En los mares del sur el frío es un intruso que, furtivamente, se instala entre la medianoche y el amanecer; la arena quieta acompaña la charla de los amantes, ausculta cada beso para vislumbrar la vida de la pasión, y se callan las olas, más calmadas, aburridas, menos provocadoras.
La pregunta es una tradición escrita en la piel de las noches en las playas, en todas las playas de todos los mundos. La pregunta, el juego inquisidor, la mirada hacia lo incomprensible, que busca y jamás halla. Algunos creen que solo sirve para propiciar el amor, dar impulso a la irremediable caricia, al inextinguible abrazo.
Él mira. Ella mira. Él hace la pregunta que repite ese instante una vez más. Ella, desesperadamente, se atreve a preguntar otra cosa distinta. Mirá el cielo infinito. "¿Creés que habrán otras gentes como nosotros, por acá?".

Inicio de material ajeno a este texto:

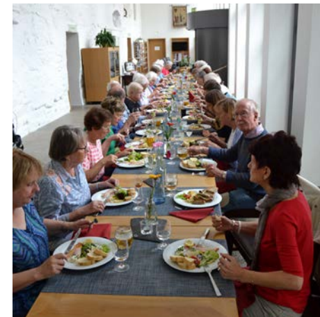
Die letzte Sommerfahrt der Frauenhilfe führte nach Fichtelberg. Hier speisten alle im Kloster Waldsassen, Oberfranken, in der Nähe der tschechischen Grenze.

Die ursprünglich diakonische Ausrichtung der Frauenhilfe, die aus dem christlichen Glauben heraus Dienst am bedürftigen Nächsten leistete, mag zwar heute auf Grund der sozialpolitischen Entwicklung nicht mehr die Hauptaufgabe der Frauenhilfearbeit sein, jedoch bleiben die Arbeit in Kirche und Diakonie sowie der Einsatz für die Gesellschaft, den die Frauenhilfen vielerorts leisten, eminent wichtig.
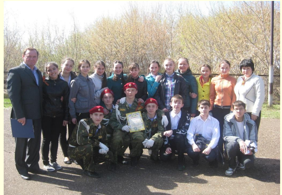
9а класс. Конкурс смотра строя и песни, 2014 г. Команда «Победа» -1 место
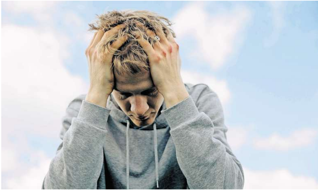
Wetter ist ein Faktor, der Einfluss auf unsere Gesundheit haben kann.

Starke Wetterveränderungen können laut dem Deutschen Wetterdienst (DWD) jedoch nachweislich Einfluss auf die Gesundheit haben. Epidemiologische Studien hätten gezeigt, dass die Beschwerden von Menschen mit hohem Blutdruck bei einer Kaltfront zunehmen würden, steht in einem Ratgeber des DWD und der Deutschen Seniorenliga über Wetterfühligkeit. Laut einem Bericht von Matzarakis für die Deutsche Herzzstiftung kann besonders kaltes oder warmes Wetter auch Auswirkungen auf die Herzgesundheit haben. Wenn die Temperaturen plötzlich fallen, müssten besonders Personen aufpassen, die an erhöhtem Blutdruck leiden, da die Verengung der Gefäße den Blutdruck noch
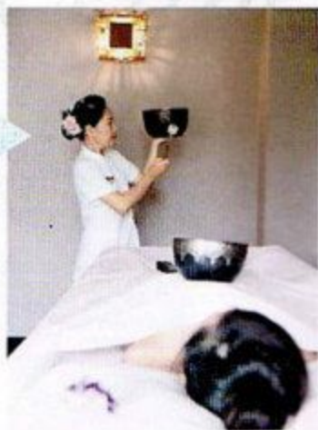
Life of Elements THB2,500/HK$610

技師由細至大的慢慢打響四個不同大小的西藏鐘鈴，鐘鈴愈大，聲音清脆；最後技師會將鐘鈴放在那的兩側及肚上，讓鈴的震動促進血液循環。
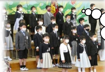
大きな声で、ドキドキの1年生、歌いました。
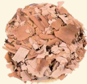
Cappuccino-Kräppel mit Sahnepralinenfüllung aus dunkler Kuvertüre (Canache)
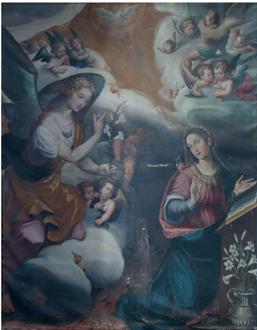
Figura 6.-Juan Esteban de Medina, Anunciación , Baeza (Jaén), Santa Iglesia Catedral.
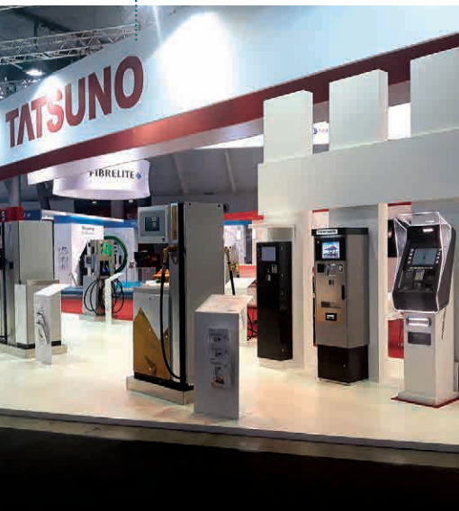
STAND TATSUNO CON TERMINALE MAC 4.0
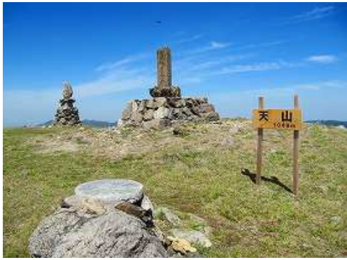
天山(1046m)の山頂。360度の展望が得られる。
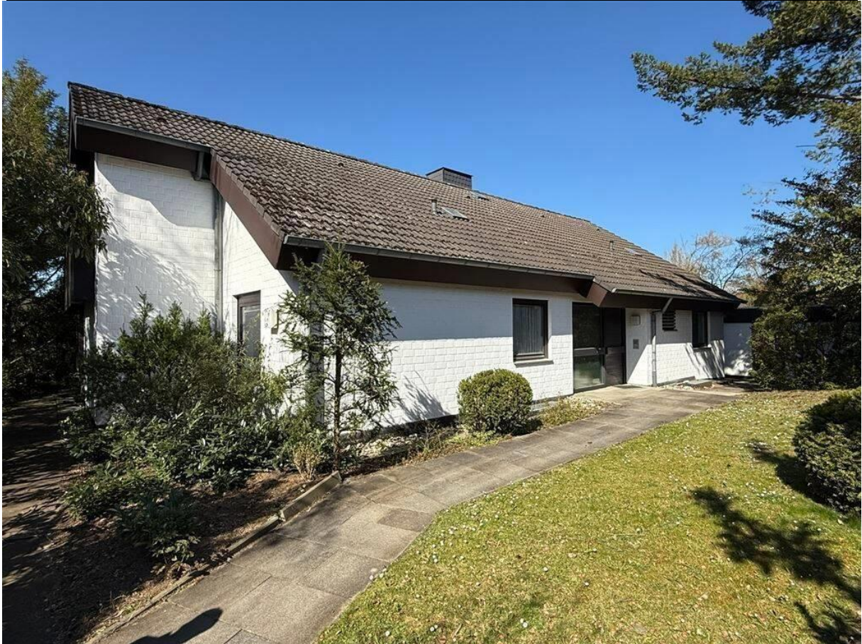
Vorgarten mit Hauseingang
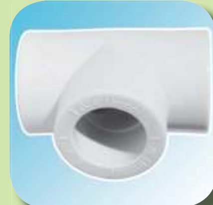
ТРОЙНИК 90° Ø 20, 25, 32, 40, 50, 63
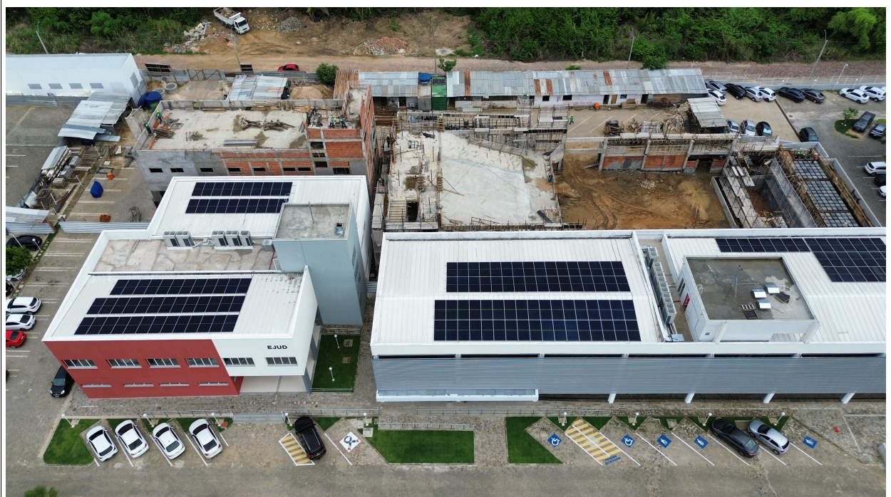
Fig. 2 – Vista aérea da obra
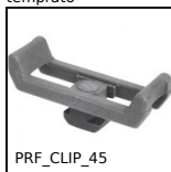
PRF_CLIP_45 Clip di fissaggio per cavi per profili alluminio, Per canalina di ca...
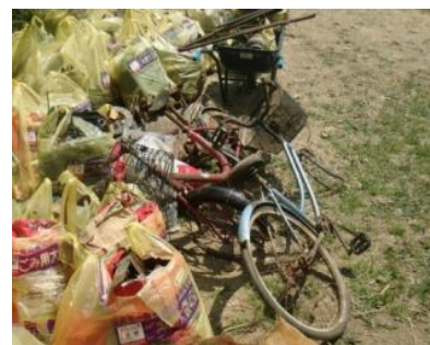
▲不法投棄物清掃で集められた廃棄物
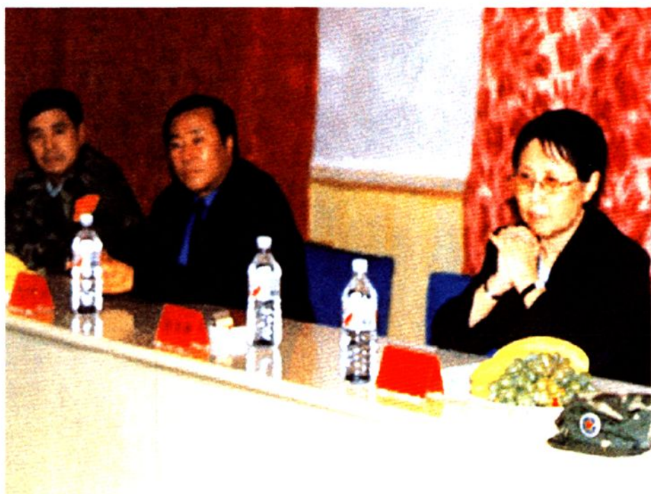
1999年7月,全国人大常委会副委员长乌云其木格在四子王旗视察工作
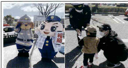
【東福岡】防火・防災のための「来て！見て！消防たい(隊)」のイベントにて、防犯アプリ「みまもっち」や自転車防犯登録に関するチラシや啓発品を配布し、犯罪被害防止を呼びかけ
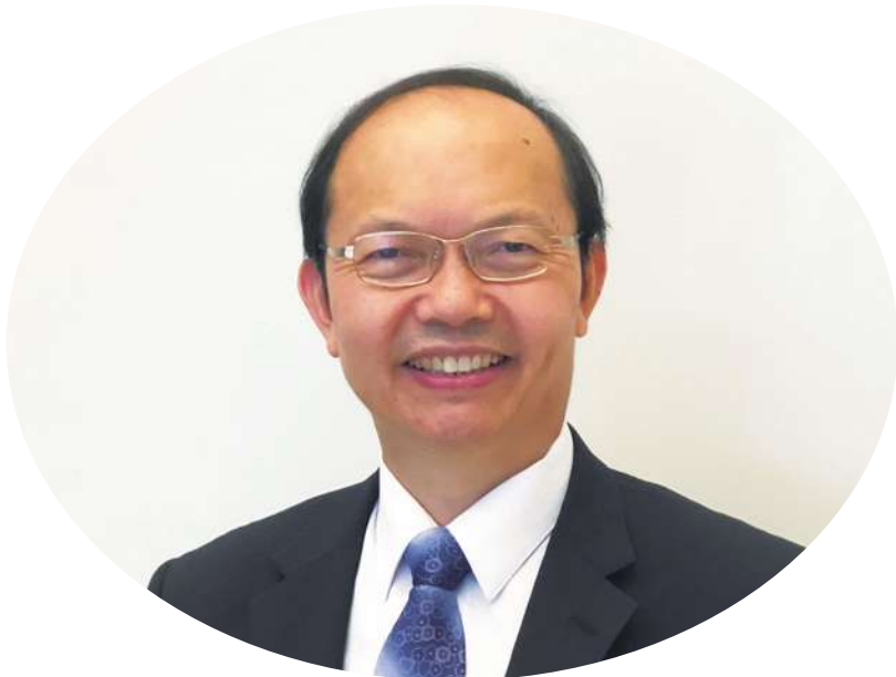
▲ 台中市教育局長楊振昇。

一個校長、老師專業化能力之累積，應不輸給一個部長或局長。而長期有效的累積，學校及教育競爭力才能提升。對於具備良好專業能力的老師，楊振昇認為應該比照資深教授制度，給予長期休假或獎勵出國學習的機制；而對於不適任的教師，若繼續留在教育職場，對家長和學生也是一種無奈和不幸。
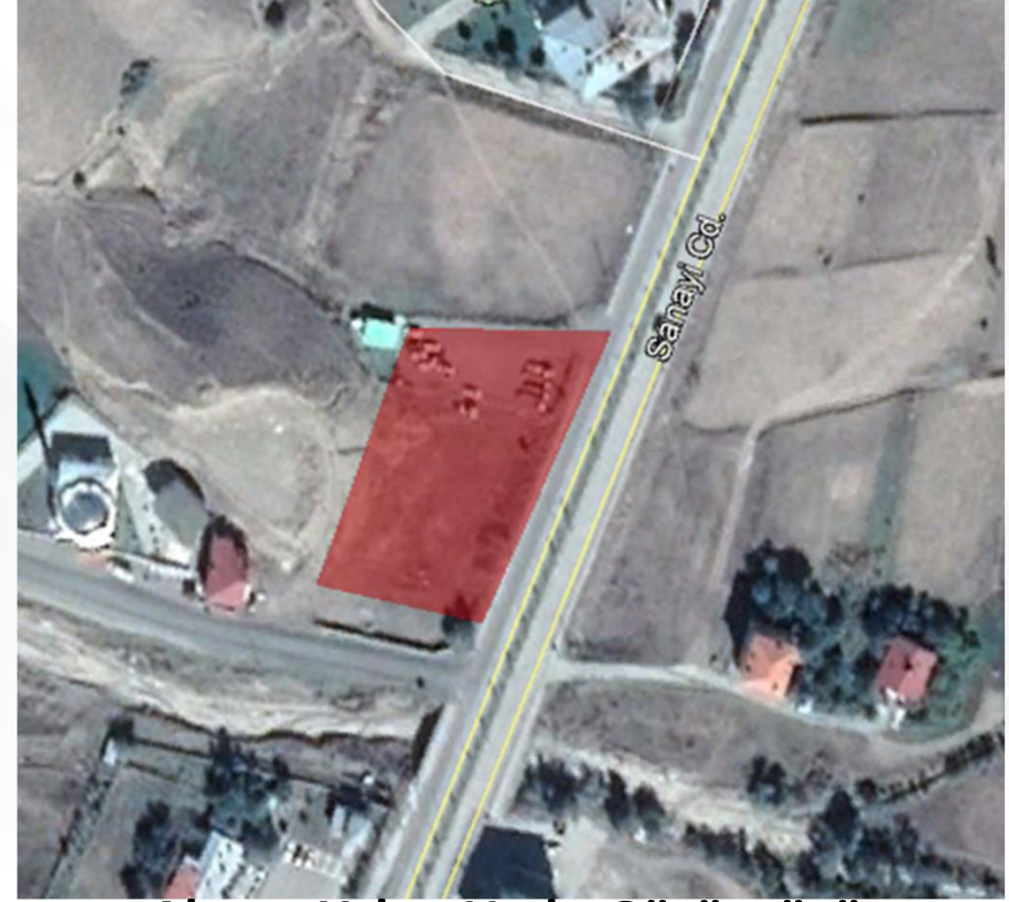
Alanın Yakın Uydu Görüntüsü
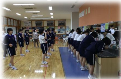
ソーシャルディスタンスを保ち歯磨き
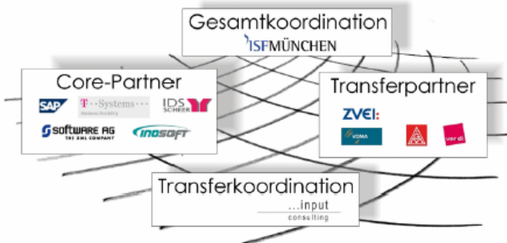
Abbildung 1: Projektnetzwerk

Das Vorhaben wird durch ein Projektnetzwerk integriert, das aus einer Kerngruppe („core“-Partner), drei Expertenforen sowie Transferpartnern besteht. Der Kerngruppe gehören neben dem ISF München die kooperierenden IT-Unternehmen an.
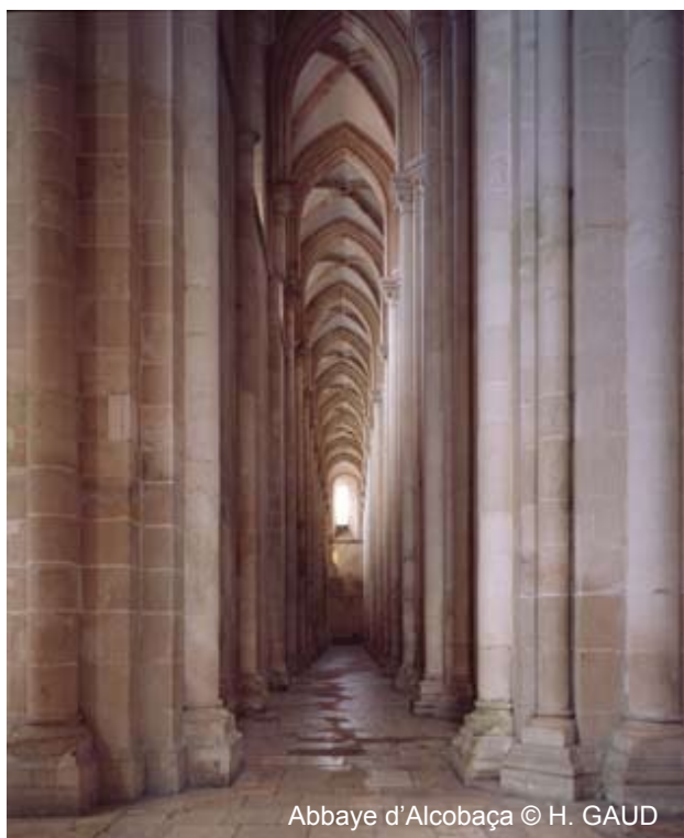
Abbaye d'Alcobaça

Yet, beyond the solidarity that has been created between its members, the action of the Charter remains too often unrecognized by the local authorities, the scientific community and the media. We have been a major actor in "Cîteaux 98". We are members of Europa nostra. The French Ministry of Culture has helped us to set up our Europeans forums. But we need to give more weight to the 2-millions visitors or so who each year visit our sites or take part in our concerts, our seminars. Communication must become the prevalent challenge in the actions of the Charter.
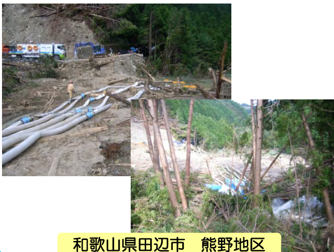
和歌山県田辺市 熊野地区
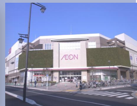
▲イオン大和ショッピングセンター(渋谷(南部地区)土地区画整理事業地区内)
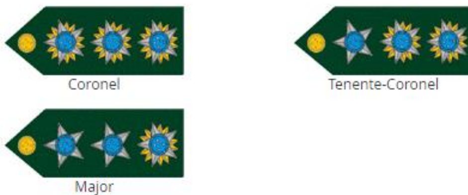
Exército Brasileiro. Postos e Graduações, 2022
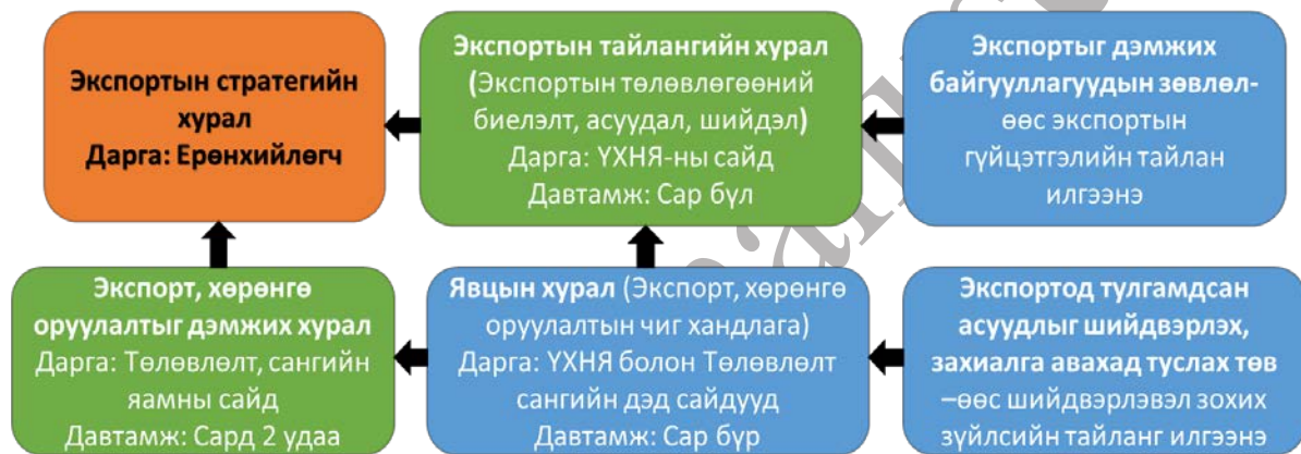
Зураг 1. БНСУ-ын Засгийн газрын экспортын хурал, хэлэлцүүлгийн процесс

оролцуулах замаар экспортыг нэмэгдүүлэх, экспортод тулгамдсан асуудлыг хэлэлцэн шийдвэрлэх боломжтой байдгаараа өндөр ач холбогдолтой юм. БНСУ-ын өнөөгийн ерөнхийлөгч Юн Сок Ёль нь ажил үүргээ хүлээн авсан 2022 оны 5 сараас хойш 4 удаа экспортын стратегийн хурал хийгээд байна. Ерөнхийлөгч нь гүйцэтгэх засаглал болон хувийн хэвшлийг экспортод чиглүүлэх, манлайлах үүрэг гүйцэтгэдэг байна.

domingo, 3 de julio de 2011

TRESCIENTOS DIECIOCHO

A esta ciudad le hace falta un bar en el puerto. También necesita un puerto como es debido, con sus muelles como portales del río, como traductores entre la marea y los hombres que la miran con curiosidad; un paraíso pobre, de esos que viven mejor de noche que de día, sucios y repugnantes, con mesas en demolición y servilleteros amarillentos de marcas de antaño.
Un changador de ojos achinados y piel siempre sudando, junto a despachantes corruptos e inescrupulosos. La madera ennegrecida plagada de copas, y de bastos, y de espadas. Poco oro. Así estaría bueno vivir en Buenos Aires. Una ciudad con un patio de atrás, con toldo y esos borrachos equilibristas en sillas enclenques. Un lugar que yo podría considerar casi como mi casa.
En cambio, lo que hay es una prohibición de arrimarse a las aguas. Terminales con gruas cuyos dueños nunca vienen, bohemia privatizada, multitudes de contenedores como un laberinto de metal, sin Teseos ni Ariadnas. Barcos lejanos y ajenos, sin nombres que poder deletrear. Ninguna cultura que nos envie sus emisarios, ningún mensaje de Odessa, ningún frío del Báltico. Ninguna ciudad anclada en nuestro jardín de agua dulce.
No tengo un bar en mi puerto.
No hay historias si no hay bares en los puertos.